Visa Inc. is one of the world's largest payments technology companies, operating a global transaction network that processed over $12 trillion in payment volume in fiscal year 2024. Founded in 1958 as Bank of America's BankAmericard program, it became an independent network under the Visa brand in 1976 and completed its IPO on the New York Stock Exchange in March 2008. Headquartered in San Francisco, California, Visa connects consumers, merchants, financial institutions, and governments across more than 200 countries and territories.
Visa approaches crypto and blockchain not as a speculative asset class but as infrastructure. The company has built a dedicated crypto team and signed partnerships with more than 65 crypto platforms to enable card products, settlement rails, and developer tooling. In 2021, Visa became one of the first major card networks to settle transactions in USDC stablecoin on Ethereum, signaling a structural shift in how it views digital currencies. Visa's corporate venture activity focuses on equity stakes in companies that extend its network strategy rather than on financial returns alone.
Visa does not operate a named venture fund. Its strategic investments come directly from the corporate balance sheet, coordinated through its business development and emerging products teams. Total deployed capital into crypto and blockchain-adjacent companies is not publicly disclosed.
Notable investments
- Anchorage Digital – Visa participated in Anchorage's 2021 Series B ($80 million round). Anchorage is the first federally chartered crypto bank in the United States, holding an OCC national trust bank charter.
- Tala – Mobile lending fintech serving emerging markets across Kenya, the Philippines, Mexico, and India. Visa has joined multiple funding rounds. Tala has expanded into crypto-native financial services for underbanked users.
- First Boulevard – A neobank focused on the Black community in the United States. Visa invested as part of its financial inclusion initiative. First Boulevard incorporated bitcoin rewards and crypto savings features.
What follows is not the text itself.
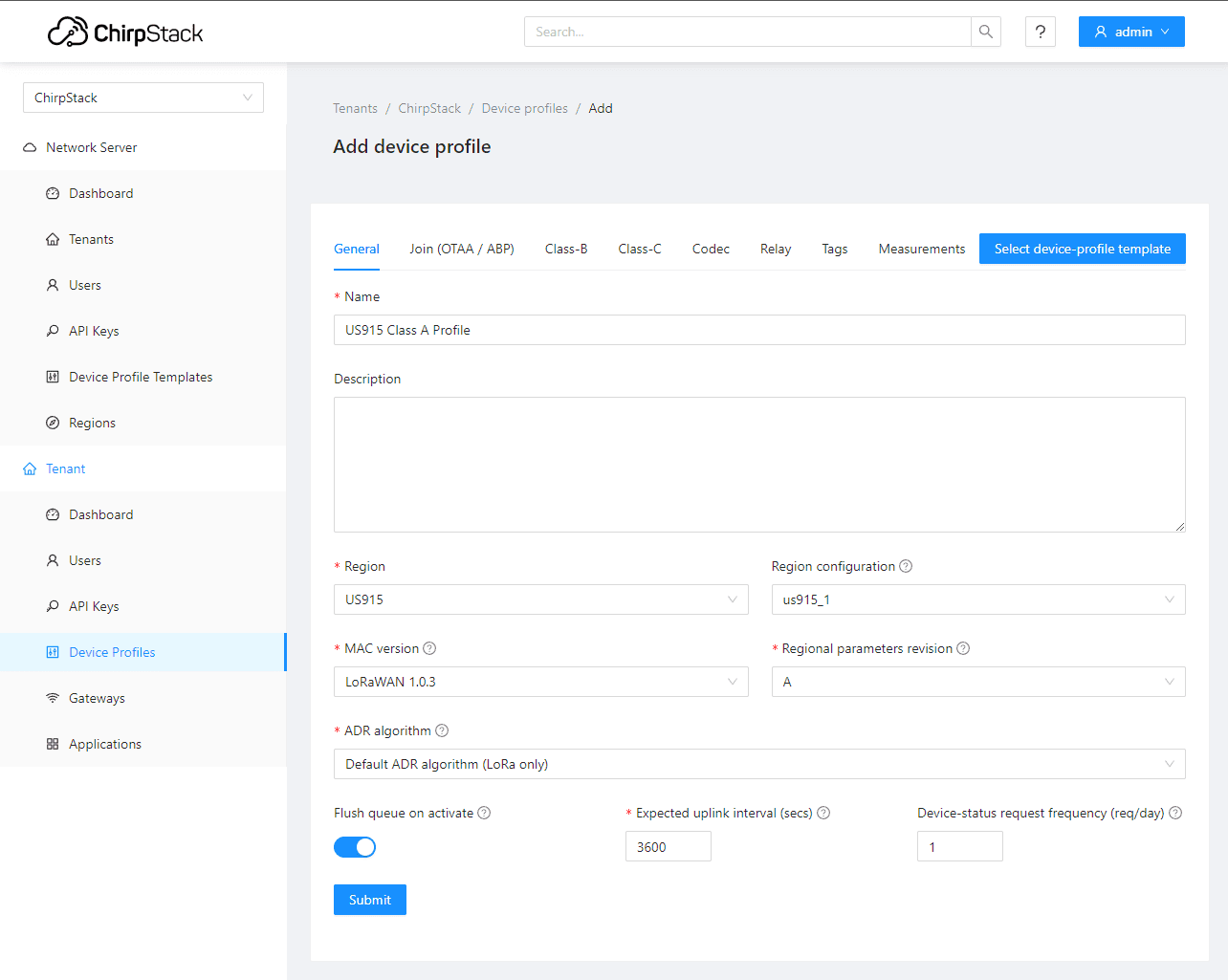 First, we need to create a device profile. This specifies things like the LoRaWAN device region, version, and class.

- Fold – A bitcoin rewards platform operating on the Visa network. Visa invested and issued Fold a principal membership, allowing Fold to offer a Visa debit card with bitcoin cashback.
- Circle – Visa has a close operational relationship with Circle, the issuer of USDC, though the nature of any direct equity position is not publicly confirmed. Visa uses USDC as a settlement currency on Ethereum.
Team
Visa is led by Ryan McInerney, who became CEO in February 2023, succeeding Al Kelly (now Executive Chairman). McInerney joined Visa in 2013 after a career at JPMorgan Chase and has driven the company's acceleration into digital and crypto rails. Cuy Sheffield serves as Head of Crypto and is the public face of Visa's blockchain strategy, speaking regularly at industry conferences about stablecoins, CBDCs, and account abstraction. Chris Suh is Chief Financial Officer. Visa's crypto investments are coordinated through its Corporate Development and Emerging Product teams rather than a standalone venture group with dedicated partners.
Recent activity
Between 2024 and early 2026, Visa deepened its stablecoin settlement work, expanding USDC settlement pilots beyond Ethereum to additional blockchains. The company published research on account abstraction and programmable payments for Web3, positioning itself as infrastructure for on-chain commerce. Visa also launched its Tokenized Asset Platform pilot, allowing banks to issue fiat-backed tokens on a permissioned blockchain for interbank settlement. In 2025, Visa renewed and expanded card-issuing agreements with major crypto exchanges including Coinbase and Crypto.com, extending its reach into crypto-native user bases across Europe and Asia-Pacific.
Visa's long-term position in crypto is structural rather than speculative. The company has no incentive to disrupt card-based spending – it profits from volume regardless of whether payments originate from a bank account or a crypto wallet. Its investments consistently target companies that bring new user segments onto Visa-branded rails or that build settlement infrastructure compatible with Visa's existing network. The main risk is regulatory: CBDC rollouts in major markets could allow central banks to route payments outside private networks entirely, reducing Visa's role. Public information on the full scope of Visa's crypto portfolio and deal sizes remains limited, as the company does not disclose individual investment valuations or the complete list of its strategic equity positions. For regulatory filings see Visa's SEC filings.